Com a impressão 3D, a simulação torna-se muito mais precisa, o corpo e a cabeça já ficam posicionados do mesmo jeito que estarão na cirurgia, podemos testar as incisões, prever as dificuldades de expor o crânio, treinar habilidades em equipe, pois são as mesmas deformidades que serão encontradas durante o procedimento. Por isso, ao final, conseguimos realizar cirurgias mais rápidas, mais seguras e com resultados pós-operatórios mais previsíveis. Neste ano, completo 25 anos na área da medicina e 15 atuando na área de Cirurgia Craniofacial. É um trabalho muito gratificante. 

 

Dr. Lázaro Lima, neurocirurgião pediátrico e adulto  

O que explico para as mães dos pacientes com cranioestenose é com uma analogia: existe um problema de carroceria, mas não de motor. A diferença para um carro é que o motor (no caso, o cérebro) precisa crescer, e a carroceria (os ossos da cabeça) não podem impedir o crescimento. 

Partindo disso, conseguimos entender que, se essas crianças operarem na hora certa, terão uma vida completamente normal, mas, caso não sejam operadas ou se demorarem para operar, terão sequelas para toda a sua vida. O que intriga quem trabalha em um sistema de saúde é que essas crianças acabavam enfrentando uma fila para operar em Curitiba e, muitas vezes, já operavam tardiamente.
O que fizemos foi começar a dar um fluxo aqui em Cascavel para esses pacientes. No mutirão, tivemos a oportunidade de contar com colegas muito experientes de São Paulo, a Dra. Giselle Coelho, neurocirurgiã pediátrica, e o Dr. Maurício Yoshida, cirurgião plástico. 

Essa troca de experiências com a nossa equipe do CEAPAC representa um avanço para Cascavel e região.
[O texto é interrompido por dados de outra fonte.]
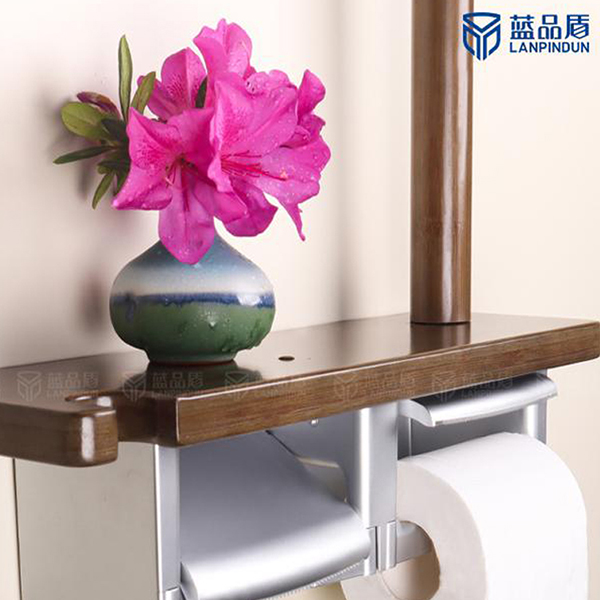 家居化的纸巾盒设计装置在马桶旁边仅可以当拉杆辅助老年人轻松上下蹲,而且可以存放卷纸和手机之类的随身物品哦!实木的材质环保又耐用。
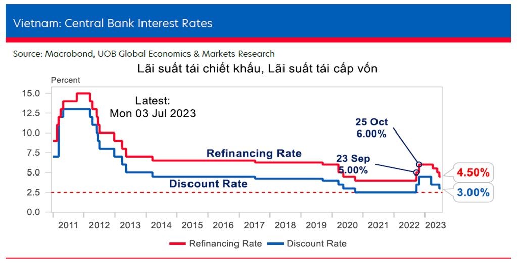 "Trước đó, chúng tôi đã dự kiến việc cắt giảm lãi suất 100 điểm cơ bản trong nửa đầu năm 2023. Với những hành động này, NHNN đã thiên về chính sách nới lỏng hơn và nhiều khả năng sẽ có thể tiếp tục hạ lãi suất trong quý III/2023", UOB nhận định và dự đoán lãi suất sẽ giảm thêm 100 điểm cơ bản trong quý III/2023 trước khi NHNN tạm dừng để đánh giá các tác động”, UOB nhận định.
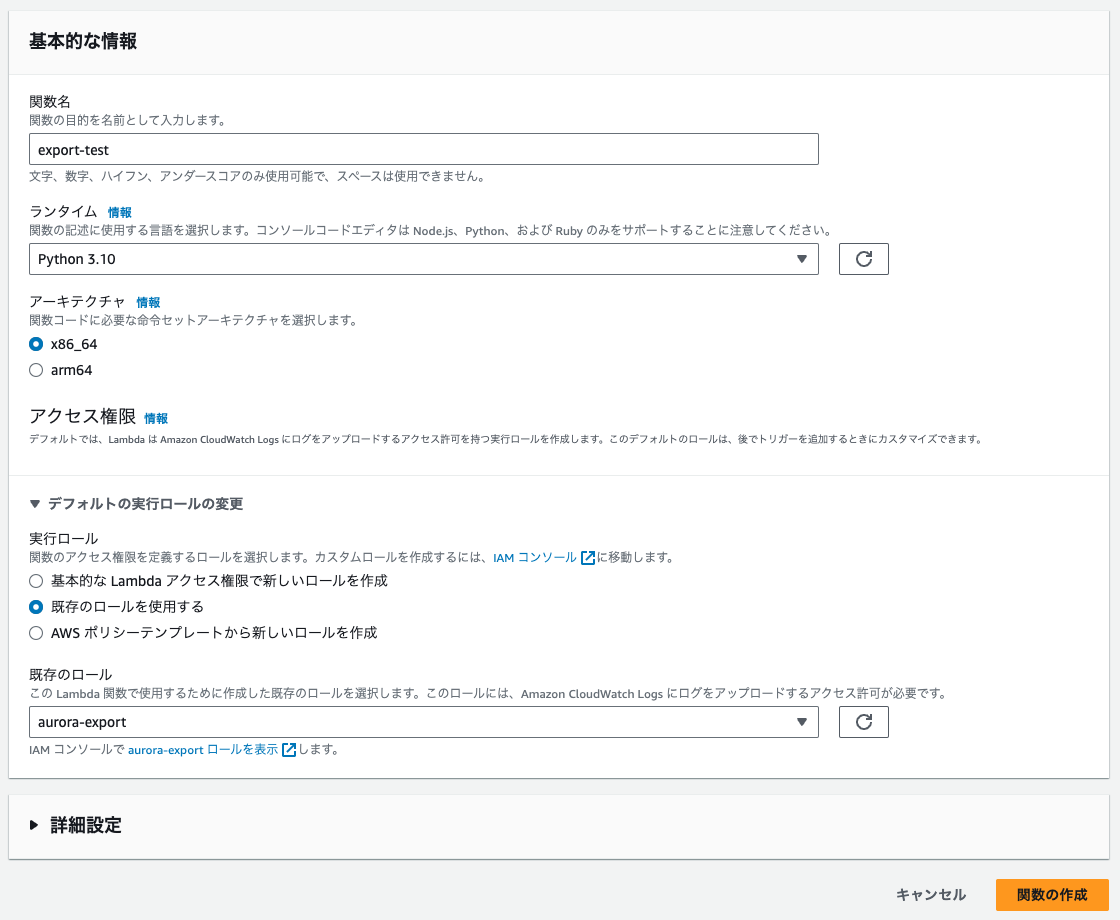ちなみに関数作成時に新しいロールを自動で作成する場合、信頼されたエンティティの方は自動で作成されますが、上記の許可ポリシーは自動で作成されないのでどのみち自分で追加しなくてはいけません。この許可ポリシーはエクスポートを実行するのに必要なポリシーです。

Esses colegas desenvolveram um sistema revolucionário de programação da cirurgia através de um modelo híbrido em que se pode visualizar a malformação, intervir, corrigir e analisar o resultado final. Assim, a cirurgia pode ser programada e realizada antes mesmo de a criança estar na sala de cirurgia e, caso necessário, vários ajustes podem ser realizados para obter a melhor descompressão para o cérebro, assim como para o formato do crânio e da face.

 

Dr. Felipe Marchioro, cirurgião plástico

A pré-simulação, no caso dos modelos que temos usado, permite que haja um planejamento melhor para a cirurgia. É uma área de intersecção entre a Cirurgia Plástica e a Neurocirurgia. Unimos essas áreas para trabalhar a parte óssea da criança com cranioestenose, anomalia já mencionada. 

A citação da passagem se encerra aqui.